Reading HyperCard stacks in 2016

HyperCard (HC) was a brilliant program that came free with every Macintosh computer from 1987 and was in development until around 2004. It made it possible to create multimedia ‘stacks’ (of cards) and was very popular with linguists. For example, Peter Ladefoged produced an IPA HyperCard stack and SIL had a stacks for drawing syntactic trees or for exploring the history of Indo-European (see their listing here). Texas and FreeText created  by Mark Zimmerman allowed you to create quick indexes of very large text files (maybe even into the megabytes! Remember this is the early 1990s). I used FreeText when I wrote Audiamus, a corpus exploration tool that let me link text and media and then cite the text/media in my research.

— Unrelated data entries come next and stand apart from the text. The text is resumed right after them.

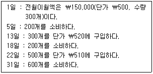 다음은 (주)대한의 10월 중 재료의 입출고에 대한 내역이다. 계속기록법 하에서 선입선출법을 이용하는 경우, 10월 말 재료의 재고액은 얼마인가?
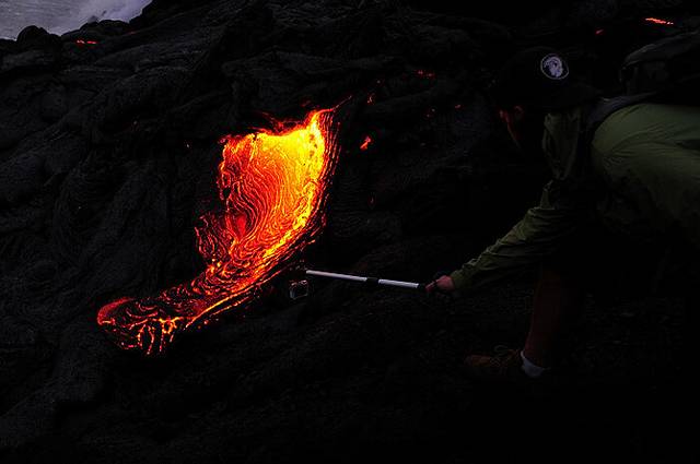 熔岩上好似一组电视台现场录制节目的人员,冒着危险现场播导Lava节目,也是非常刺激啊
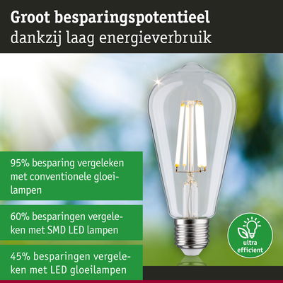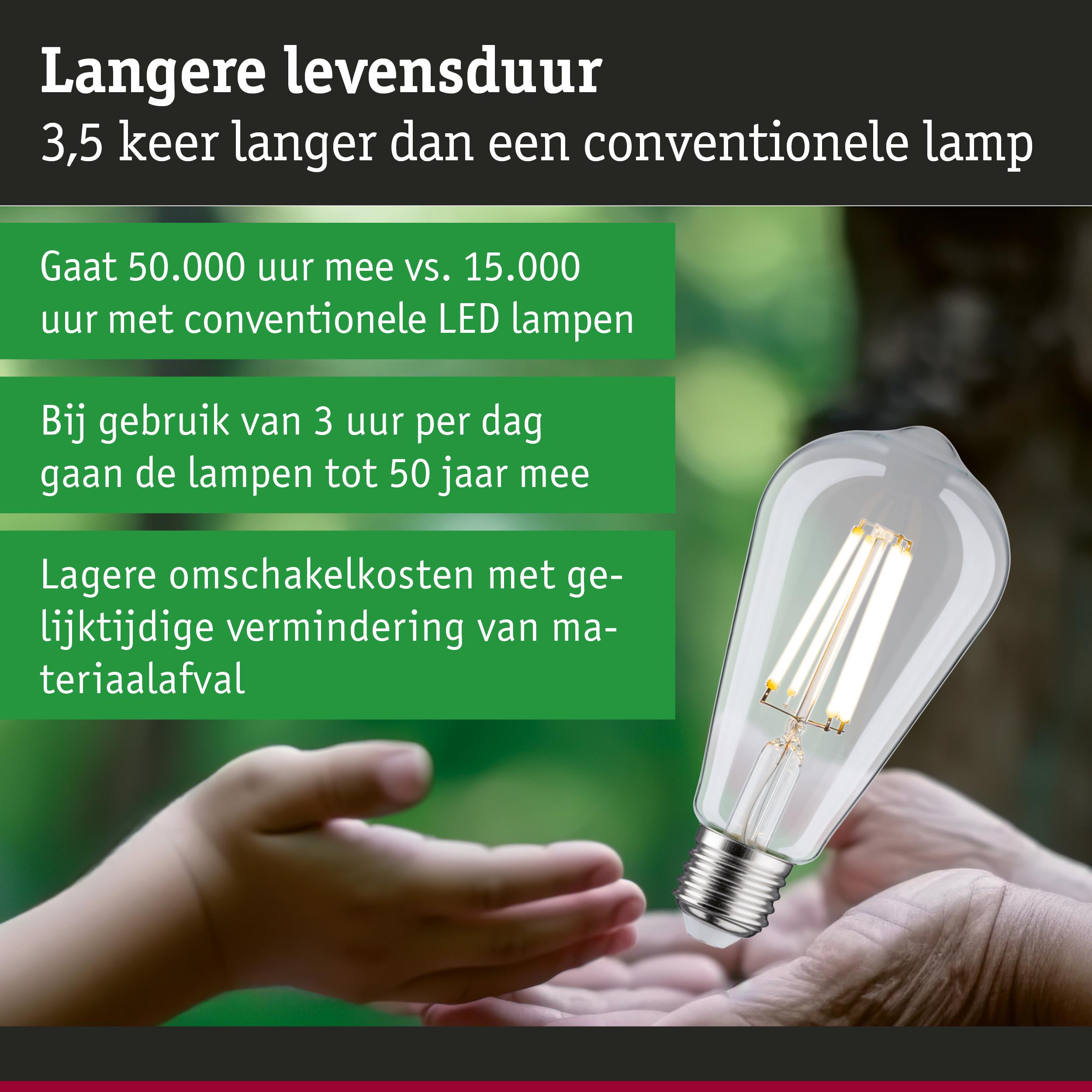 De uiterst efficiënte verlichtingsmiddelen van Eco-Line combineren innovatie met duurzaamheid. Door het 60% lagere energieverbruik en de aanzienlijk langere levensduur ten opzichte van standaard LED-lampen zijn de energiekosten aanzienlijk lager en daarnaast is het ook nog goed voor het milieu. De heldere filament kolflamp met 3000K, een vermogen van 4W en 840lm verspreidt licht zonder groene gloed in alle richtingen. Kolflampen zorgen voor het perfecte vintage gevoel en zijn een echte blikvanger in retropendels. De lamp heeft een warmwitte lichtkleur en past in elke normale E27-fitting. De Paulmann LED-lampen met Eye Friendly label bieden oogvriendelijk en comfortabel licht. Bij het werken, lezen of ontspannen zorgen de lampen voor het beste zichtcomfort.

My favourite HC linguistic application was J.Randolph Valentine’s Rook that presented a speaker telling an Ojibwe story (with audio), with interlinear text linked to a grammar sketch of the language. I adapted that model for a story in Warnman, told by Waka Taylor, and produced as part of a set of HC stacks called ‘Australia’s languages’ and released in 1994. This model of linking media and text was new, computers at the time were unable to deal with large media files and the first monitors were monochrome so colour was not part of the presentation. The main problem was that HC was no longer produced or supported, so the many stacks that existed had to be converted to other formats. The surviving framework for HC is LiveCode and I still run Audiamus as a LiveCode stack to give me easy access to 23 hours of transcripts. But earlier HC stacks that were not converted at the time are not playable in LiveCode.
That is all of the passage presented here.